Experimental Evaluation
CoPart demonstrates salient improvements over state-of-the-art (SOTA) holistic and part-level generators. Quantitative metrics include CLIP-based geometry-text and image-text alignment, as well as ULIP-T scores for multimodal consistency. For part-aware generation (e.g., “a rifle stock”), CoPart achieves:
- CLIP (N-T): 0.1607
- CLIP (I-T): 0.1768
- ULIP-T: 0.1355
These are substantially higher than prior models such as Rodin and Trellis on part-aware tasks, underscoring the advantages of explicit part representation. Notably, the preference in user studies attests to improved decomposability and quality at both whole-object and part levels.
Ablation Analyses
The contributions of global guidance and refinement modules are empirically validated. Removing global guidance compromises appearance coherence across parts (Figure 1), while the enhancement module yields tangible fidelity improvements, particularly when both geometric and image modalities are provided (Figure 2).
Figure 1: Ablation of global guidance, evidencing reduced part coherence and visual appearance fidelity when omitted.
Figure 2: Ablation of refinement module, demonstrating that integrating both part images and geometries is essential for maximal enhancement.
Applications and Implications
CoPart’s part-level latent architecture enables direct, fine-grained editing, robust articulation generation, and mini-scene synthesis without additional retraining. Selective part resampling supports practical asset modification, while box-guided generation allows high control during assembly, facilitating downstream use in CAD, content creation, and interactive design environments. The method naturally extends to longer sequence generation and scalable scene composition.

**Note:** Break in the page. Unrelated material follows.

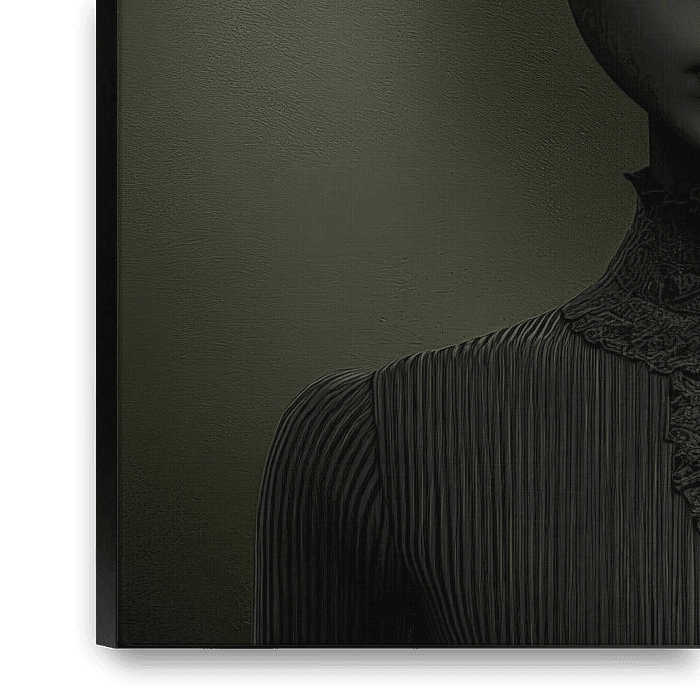 Das Bild zeigt eine eindrucksvolle Symmetrie, in der das Gesicht einer jungen Frau exakt in zwei Hälften geteilt ist. Die linke Seite ist tiefschwarz, während die rechte Seite in einem hellen Weiß erstrahlt. Diese Farbkontraste erzeugen eine faszinierende Spannung zwischen Licht und Schatten. Ihre Augen sind starr und durchdringend, als…

Theoretically, CoPart provides a paradigm for joint modeling of intra-object relationships and cross-modal cues, crucial for interpretable, compositional generative systems and supporting further advances in multi-object scenes, semantic manipulation, and foundational representation learning.
Future Directions
Open challenges remain in automated optimal bounding box specification, assembly alignment, and scaling to unconstrained part counts, as well as extending the framework for fully unsupervised compositional modeling. Integration with interactive systems and incorporation of physical/functional constraints represent next steps.
Conclusion
CoPart establishes a robust framework for high-quality part-based 3D generation through synchronized contextual latents, mutual guidance, and multi-modal conditioning, outperforming SOTA both quantitatively and in user preference. By introducing PartVerse and enabling direct application to editing and articulation generation, it contributes practical and theoretical advances in generative 3D modeling, with broad implications for asset design, manipulation, and automated scene synthesis.